Calgary-based CE Franklin Ltd. has entered into a non-binding letter of intent with Smith International, Inc., to acquire all of the common stock of Wilson International, Inc., a wholly owned subsidiary of Smith, in exchange for common shares of CE Franklin issued from treasury. CE Franklin will issue shares based on the June 30, 2004, balance sheet of Wilson, which is not yet finalized, and is estimated to be between $245 million and $250 million (U.S.).

Wilson, headquartered in Houston, is a leading distributor of PVF and mill, safety and other maintenance products to energy and industrial markets in the United States. Wilson generated sales of $730.4 million in 2003. If combined, sales of CE Franklin and Wilson would approach $1 billion.

CE Franklin and Wilson have been successful in joint marketing initiatives in the past, most recently winning a major North America maintenance, repair and operating supply agreement with a North American exploration and production company that is expected to generate annual revenue of $20 million in Canada, and $15 million in the United States. “The combination of CE Franklin and Wilson create a company that will be well-positioned to pursue significant North America-wide and international supply arrangements going forward,” said Michael West, president and CEO of CE Franklin, who will manage the combined entity.

A special committee of the independent members of the Board of Directors of CE Franklin has been formed to consider and make a recommendation to the Board of the transaction. The transaction is a related party transaction under Canadian securities law by virtue of Smith's current 55% shareholdings in CE Franklin. The special committee has retained CIBC World Markets as its financial advisor.

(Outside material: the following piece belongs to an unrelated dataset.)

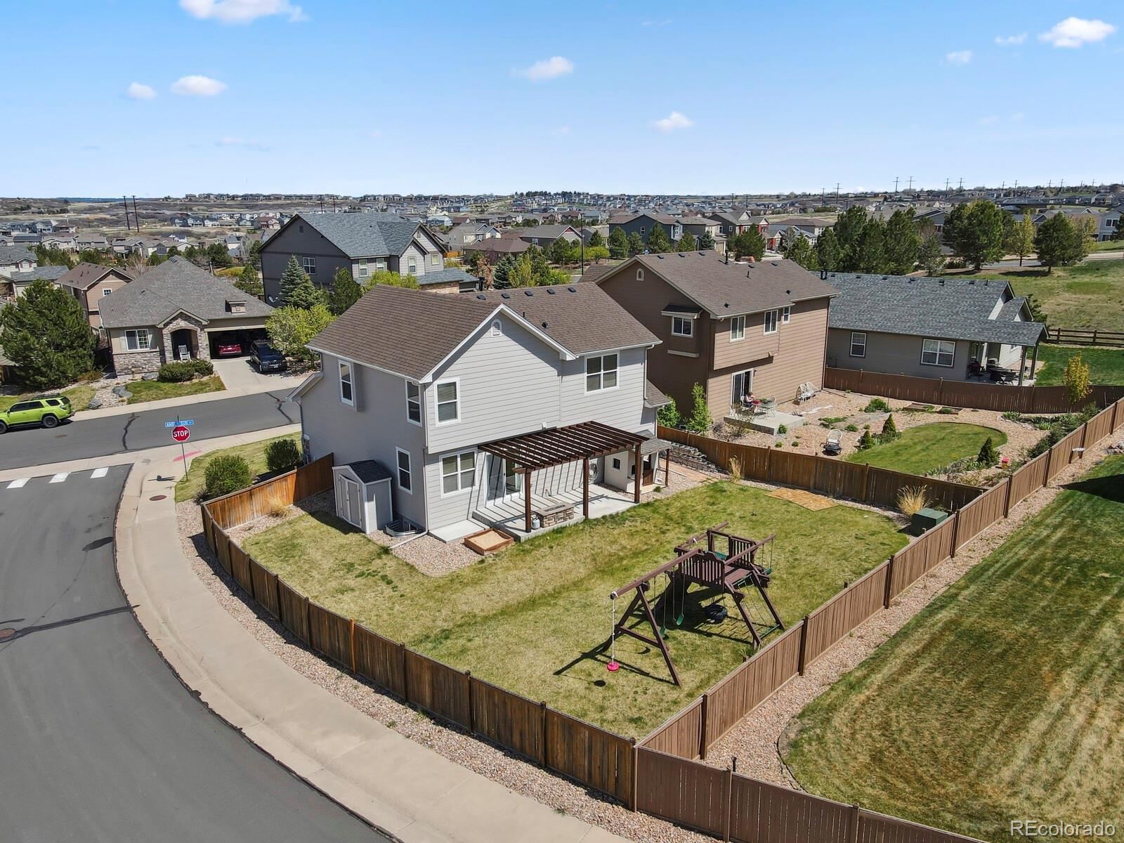 Move-In Ready Corner Lot Gem with Designer Touches and Spacious Layout! Step into this beautifully maintained and professionally staged home, perfectly situated on a fully fenced corner lot. The open-concept main level features soaring ceilings, rich wood flooring, granite countertops, and custom cabinetry—ideal for entertaining or relaxing in style. Upstairs, the spacious primary suite offers a luxurious retreat with a large walk-in closet and dual-sink vanity. Two additional bedrooms and a full bathroom complete the upper level, providing comfort and flexibility for family or guests. The lower level impresses with a generously sized den featuring built-ins and a wet bar—perfect for game nights or a cozy movie lounge. A fourth bedroom and full bath with a walk-in shower add even more versatility. The extra-deep two-car garage provides ample space for vehicles and storage. This turnkey home offers both style and functionality in a location near schools, shopping, parks and trails, all within easy access to I25.
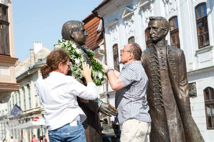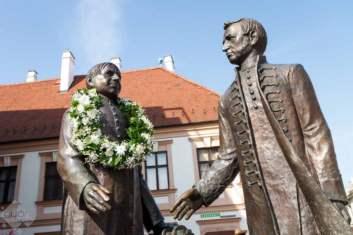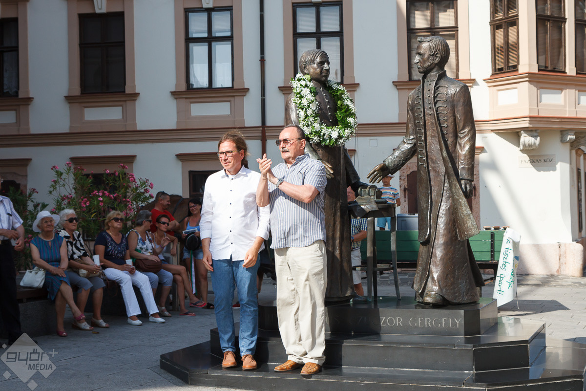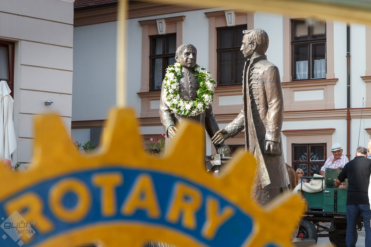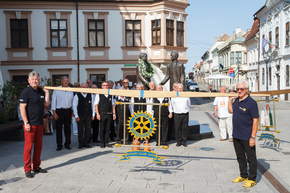 Hagyományosan Jedlik Ányos szobrának megkoszorúzásával indult pénteken a programsorozat, ahol Nyakas Szilárd, rádiós, író arról beszélt, hogy Jedlik Ányos, a magyar tudományos élet Robinsonja volt, egymaga építette technikai eszközeit, készítette el többek között a szódavizet, de nyelvújító is volt, mindent megoldott. Léggömb, kirakat eresz – többek között ezeket a szavakat is ő alkotta, amiről kevesen tudnak. „Jedlik nyakába” a virágfűzért dr. Horváth József, a Rotary Club Győr alapítója és a club soros elnöke Tóth Virgil akasztotta, a Nyúli Dalárda nótázásával kísérve.

It is anticipated that Smith would own about 90% of the common shares of CE Franklin as a result of the transaction. Smith has advised CE Franklin that its intent is to reduce its ownership interest to the 55% level held today, the timing of which will be dependent on the market conditions and other factors.

The transaction is subject to negotiation of a definitive agreement, applicable regulatory approvals and to the approval of a majority of CE Franklin shareholders (excluding Smith) at a meeting to be held in September 2004.

CE Franklin distributes PVF and related products to the Canadian oil and gas industry. It has 37 branches across Canada.